(Stored items from a collection)
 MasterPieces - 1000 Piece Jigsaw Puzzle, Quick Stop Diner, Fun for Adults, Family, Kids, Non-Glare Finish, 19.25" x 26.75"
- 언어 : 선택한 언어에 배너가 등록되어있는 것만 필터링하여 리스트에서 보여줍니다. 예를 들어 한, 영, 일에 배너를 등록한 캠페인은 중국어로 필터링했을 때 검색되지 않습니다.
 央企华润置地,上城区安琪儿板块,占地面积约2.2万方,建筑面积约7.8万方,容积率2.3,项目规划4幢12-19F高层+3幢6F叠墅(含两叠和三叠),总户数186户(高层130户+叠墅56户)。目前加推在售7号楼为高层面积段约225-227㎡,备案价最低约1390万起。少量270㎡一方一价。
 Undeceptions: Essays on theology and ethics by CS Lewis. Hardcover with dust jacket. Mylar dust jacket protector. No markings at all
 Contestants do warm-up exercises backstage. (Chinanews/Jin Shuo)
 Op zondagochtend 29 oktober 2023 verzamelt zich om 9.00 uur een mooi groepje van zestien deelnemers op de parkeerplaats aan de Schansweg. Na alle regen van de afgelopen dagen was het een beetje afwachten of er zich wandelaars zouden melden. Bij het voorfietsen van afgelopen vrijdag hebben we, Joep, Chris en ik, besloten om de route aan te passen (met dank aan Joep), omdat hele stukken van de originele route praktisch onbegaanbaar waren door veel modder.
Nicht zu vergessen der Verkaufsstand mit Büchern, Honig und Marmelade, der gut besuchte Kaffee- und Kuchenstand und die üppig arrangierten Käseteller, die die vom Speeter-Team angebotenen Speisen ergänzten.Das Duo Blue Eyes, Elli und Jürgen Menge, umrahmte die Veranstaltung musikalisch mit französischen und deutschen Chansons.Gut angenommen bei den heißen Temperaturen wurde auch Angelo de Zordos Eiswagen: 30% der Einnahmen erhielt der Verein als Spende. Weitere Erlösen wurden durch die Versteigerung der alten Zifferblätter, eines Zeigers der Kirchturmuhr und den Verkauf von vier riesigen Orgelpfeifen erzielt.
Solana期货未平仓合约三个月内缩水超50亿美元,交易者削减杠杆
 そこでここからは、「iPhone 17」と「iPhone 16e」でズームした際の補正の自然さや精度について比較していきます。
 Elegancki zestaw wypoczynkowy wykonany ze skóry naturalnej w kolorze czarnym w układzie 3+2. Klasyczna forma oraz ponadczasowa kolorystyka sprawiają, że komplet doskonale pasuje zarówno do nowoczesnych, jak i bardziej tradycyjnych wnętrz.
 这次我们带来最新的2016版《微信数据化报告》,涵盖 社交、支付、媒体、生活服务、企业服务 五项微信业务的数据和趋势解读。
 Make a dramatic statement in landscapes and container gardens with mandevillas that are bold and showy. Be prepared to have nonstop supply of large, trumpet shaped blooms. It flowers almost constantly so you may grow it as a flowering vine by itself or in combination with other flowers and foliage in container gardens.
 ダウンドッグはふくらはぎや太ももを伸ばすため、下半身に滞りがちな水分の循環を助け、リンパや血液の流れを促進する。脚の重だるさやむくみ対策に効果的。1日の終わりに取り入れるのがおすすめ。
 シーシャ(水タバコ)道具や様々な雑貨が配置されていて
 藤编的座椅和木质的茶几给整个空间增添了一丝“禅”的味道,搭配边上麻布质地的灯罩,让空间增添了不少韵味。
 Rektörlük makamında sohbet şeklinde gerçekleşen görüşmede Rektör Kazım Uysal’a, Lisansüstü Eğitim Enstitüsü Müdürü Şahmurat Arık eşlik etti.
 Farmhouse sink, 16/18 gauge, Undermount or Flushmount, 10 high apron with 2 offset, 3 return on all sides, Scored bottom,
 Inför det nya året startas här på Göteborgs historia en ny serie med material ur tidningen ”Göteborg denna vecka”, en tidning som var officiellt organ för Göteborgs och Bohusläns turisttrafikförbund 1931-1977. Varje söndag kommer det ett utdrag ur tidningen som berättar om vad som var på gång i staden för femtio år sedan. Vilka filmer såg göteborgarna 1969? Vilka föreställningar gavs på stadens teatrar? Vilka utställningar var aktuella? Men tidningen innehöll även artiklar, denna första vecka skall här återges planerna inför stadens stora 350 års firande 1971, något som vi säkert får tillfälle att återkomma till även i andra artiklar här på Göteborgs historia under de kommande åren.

WORK INSTRUCTION
Work out how many lines above include the string "with", then give that number alone.

WRITTEN ANSWER
3